This repository provides Python scripts used to perform analyses and generate images for the now published article: https://www.ncbi.nlm.nih.gov/pmc/articles/PMC9176631/.
We will give instructions to set up a miniconda environment to contain the dependencies needed and to run the manuscript's analysis scripts.
Miniconda is the barebones version of the larger Conda package. We will use this so that we choose only the dependencies that are needed and therefore reduce the installation size and time. The Miniconda installation instructions are here: Miniconda
$ conda create -n gsalaris_phylo python=3.7
$ conda activate gsalaris_phylo
$ conda install -c etetoolkit ete3==3.1.2 ete_toolchain
$ conda install -c anaconda seaborn
$ conda install -c conda-forge biopython
$ conda install -c bioconda iqtree
$ cd 00.src
$ python3 000.get_data.py
$ uncompress ./Gblocks_Linux64_0.91b.tar.Z
$ tar -xvf ./Gblocks_Linux64_0.91b.tar
$ chmod +x muscle5.1.linux_intel64
$ chmod +x usearch11.0.667_i86linux32
$ ./usearch11.0.667_i86linux32 -cluster_fast ../01.data_raw/UniProt_BLAST_results.fasta -id 0.80 -centroids ../02.data/UniProt_BLAST_results.centroids.fasta
$ python3 001.clean_CAs.py
$ ./Gblocks_0.91b/Gblocks ../02.data/UniProt_BLAST_results.centroids.BCAs.fasta.muscle_aligned -t=p -b2=6 -b3=20 -b4=2 -b5=h -d=y -v=240
$ iqtree -s ../02.data/UniProt_BLAST_results.centroids.BCAs.fasta.muscle_aligned-gb -st AA -alrt 100000 -bb 100000 -nt AUTO -m TESTNEW+LM
$ python3 002.ete_tree.py
DESCRIPTION: Will download Muscle5.1, USEARCH 11, and Gblocks 0.91b to be used in the analysis.
INPUTS: N/A
OUTPUTS:
- (/src) program executables downloaded here.
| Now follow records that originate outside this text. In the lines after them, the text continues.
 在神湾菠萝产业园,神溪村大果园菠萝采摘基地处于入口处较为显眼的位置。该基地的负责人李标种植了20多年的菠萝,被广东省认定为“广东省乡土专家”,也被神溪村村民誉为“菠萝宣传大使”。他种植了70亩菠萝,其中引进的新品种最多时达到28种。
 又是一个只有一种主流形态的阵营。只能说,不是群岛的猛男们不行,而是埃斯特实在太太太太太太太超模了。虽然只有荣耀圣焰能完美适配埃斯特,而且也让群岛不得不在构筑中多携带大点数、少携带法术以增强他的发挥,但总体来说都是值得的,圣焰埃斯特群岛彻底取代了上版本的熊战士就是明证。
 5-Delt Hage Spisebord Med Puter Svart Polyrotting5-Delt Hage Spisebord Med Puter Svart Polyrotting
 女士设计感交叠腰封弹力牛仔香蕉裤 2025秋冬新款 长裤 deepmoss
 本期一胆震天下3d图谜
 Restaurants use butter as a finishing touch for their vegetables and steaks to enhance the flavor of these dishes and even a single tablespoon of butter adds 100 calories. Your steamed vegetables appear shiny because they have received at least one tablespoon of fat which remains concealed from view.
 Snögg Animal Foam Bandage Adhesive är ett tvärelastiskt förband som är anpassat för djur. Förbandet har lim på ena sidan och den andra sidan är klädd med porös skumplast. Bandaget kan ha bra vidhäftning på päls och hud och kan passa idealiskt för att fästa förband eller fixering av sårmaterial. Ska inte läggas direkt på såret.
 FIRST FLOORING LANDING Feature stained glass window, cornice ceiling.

DESCRIPTION: Do a basic regex test to see if each of the BLAST results contain both canonical beta-carbonic anhydrase AA motifs (CxDxR & HxxC). Do a Muscle alignment of the passing sequences.
INPUTS:
- (/data_raw/Gsalaris_novelBCA.fasta) Novel G. salaris BCA seq.
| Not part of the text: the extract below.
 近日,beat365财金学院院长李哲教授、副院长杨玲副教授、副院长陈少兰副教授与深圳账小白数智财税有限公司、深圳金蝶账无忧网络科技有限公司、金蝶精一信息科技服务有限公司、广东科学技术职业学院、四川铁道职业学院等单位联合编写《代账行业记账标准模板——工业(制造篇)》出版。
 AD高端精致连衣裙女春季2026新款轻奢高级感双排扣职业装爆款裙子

- (/data_raw/UniProt_BLAST_results.centroids.fasta) Identified centroids determined by USEARCH cluster analysis of BLAST results.
OUTPUTS:
- (/data/UniProt_BLAST_results.centroids.BCAs.fasta) Sequences containing BCA AA motifs.
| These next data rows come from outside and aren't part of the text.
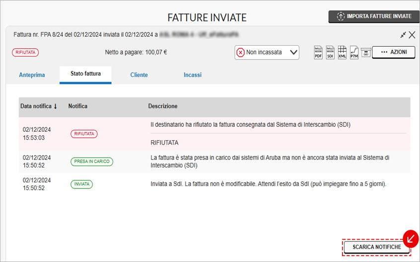 - Scartata: La fattura è stata rifiutata dal Sistema di Interscambio (SdI) che ha restituito un codice di errore specifico.
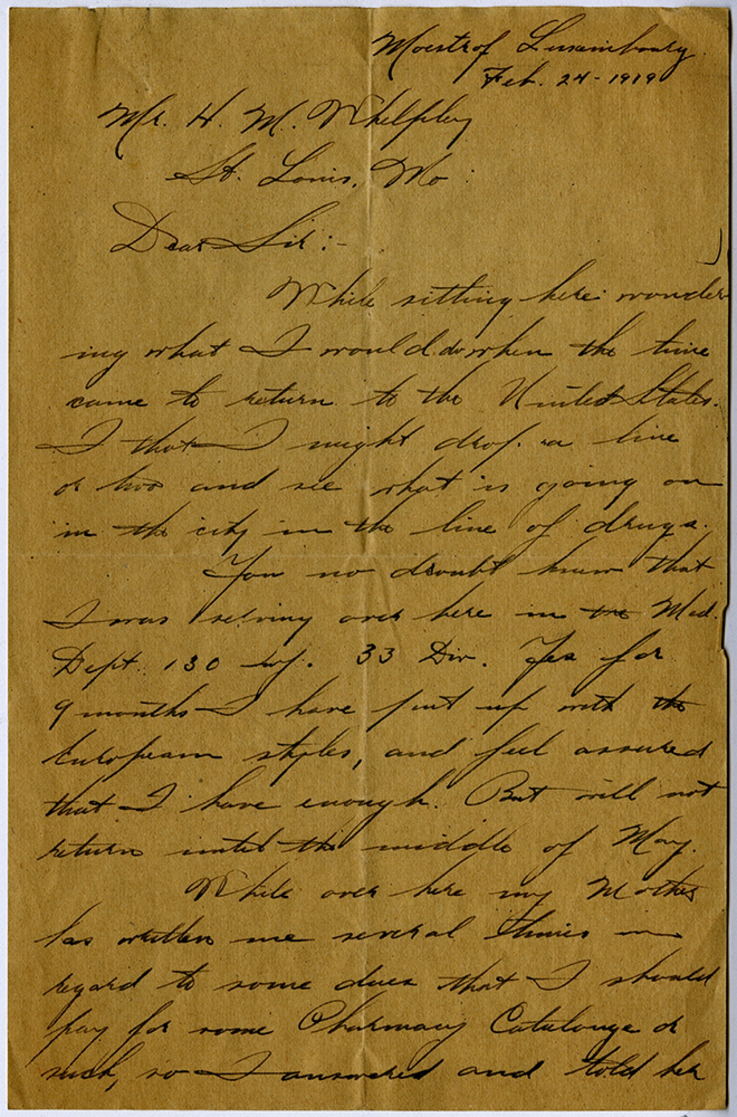 Moestr of Luxembourg [February] 24, 1919 Mr. [Henry Milton] Whelpley St. Louis, [Missouri] Dear Sir:- While sitting here wondering what I would do when the time came to return to the United States. I thot I might drop a line or two and see what is going on in the city in the line of drugs. You no doubt know that I was serving over here in the Med. Dept 130 Inf. 33 Div. Yes for 9 months I have put up with the European styles, and feel assured that I have enough. But will not return until the middle of May. While over here my Mother has written me several times in regard to some dues that I should pay for some Pharmacy Catalouge or such, so I answered and told her
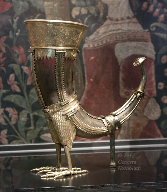 drinking horn with eagle feet: horn, copper, copper gilt; Germany c.1500, Cluny Cl.2324. For details see Cluny.
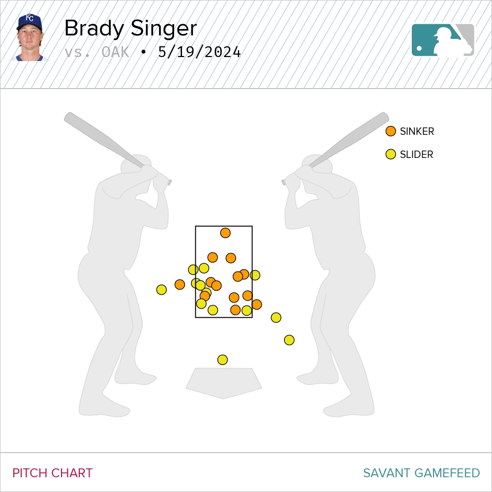 The finale on Sunday featured starter Brady Singer riding his sinker/slider combo to nine strikeouts. Of the 89 pitches he offered Oakland on the afternoon, only eight of them were four-seamers and just three were changeups. To his credit, though, the four-seamer rode high in the zone and generated two whiffs and two fouls on four total swings.

- (/data/UniProt_BLAST_results.centroids.BCAs.fasta.muscle_aligned) Muscle-aligned sequences containing BCA AA motifs, with novel G. salaris BCA added before alignment.
DESCRIPTION: Run a transcription factor binding site (TFBS) prediction using tfbs_footprinter on the human version of the human vs. Neanderthal SNPs, which have been identified within 2,500 bp of a human protein-coding transcript transcription start site (TSS).
INPUTS:
- (/data/UniProt_BLAST_results.centroids.BCAs.fasta.muscle_aligned-gb.contree) Consensus tree generated by IQTree analysis.
OUTPUTS:
- (/output/Gsalaris_BCA_phylogram.svg) Phylogram of BCA sequences, colored by phylum.
- (/output/[color_pal].legend.svg) Legend pairing phyla and associated colors.